14 Apr 2025 (modified: 19 Apr 2025)Under review for TMLREveryoneRevisionsBibTeXCC BY 4.0
Abstract: Pre-trained language models have transformed the field of natural language processing (NLP), and their success has inspired efforts in genomics to develop domain-specific foundation models (FMs). However, creating high-quality genomic FMs from scratch is resource-intensive, requiring significant computational power and high-quality pre-training data. The success of large language models (LLMs) in NLP has largely been driven by industrial-scale efforts leveraging vast, diverse corpora and massive computing infrastructure. In this work, we aim to bypass the data and computational bottlenecks of creating genomic FMs from scratch and instead propose repurposing existing LLMs for genomics tasks.
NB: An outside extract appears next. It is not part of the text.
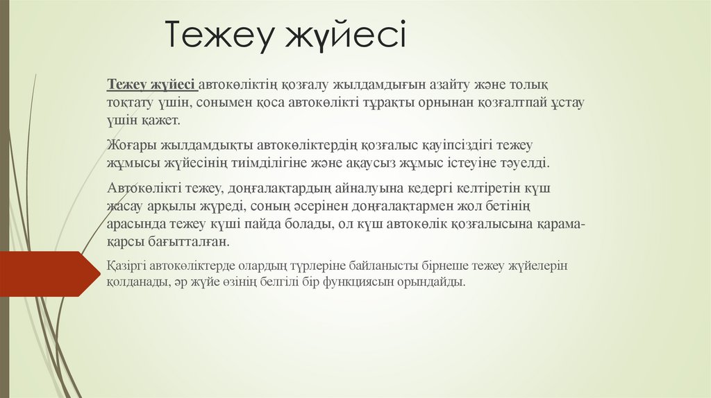 Тежеу жүйесіТежеу жүйесі автокөліктің қозғалу жылдамдығын азайту және толық

Inspired by the recently observed 'cross-modal transfer' phenomenon -- where transformers pre-trained on natural language can generalize to other modalities -- we introduce L2G, which adapts a pre-trained LLM architecture for genomics using neural architecture search and a novel three-stage training procedure. Remarkably, without requiring extensive pre-training on DNA sequence data, L2G achieves superior performance to fine-tuned genomic FMs and task-specific models on more than half of tasks across multiple genomics benchmarks. In an enhancer activity prediction task, L2G further demonstrates its capacity to identify significant transcription factor motifs. Our work not only highlights the generalizability and efficacy of language models in out-of-domain tasks such as genomics, but also opens new avenues for more efficient and less resource-intensive methodologies in genomic research.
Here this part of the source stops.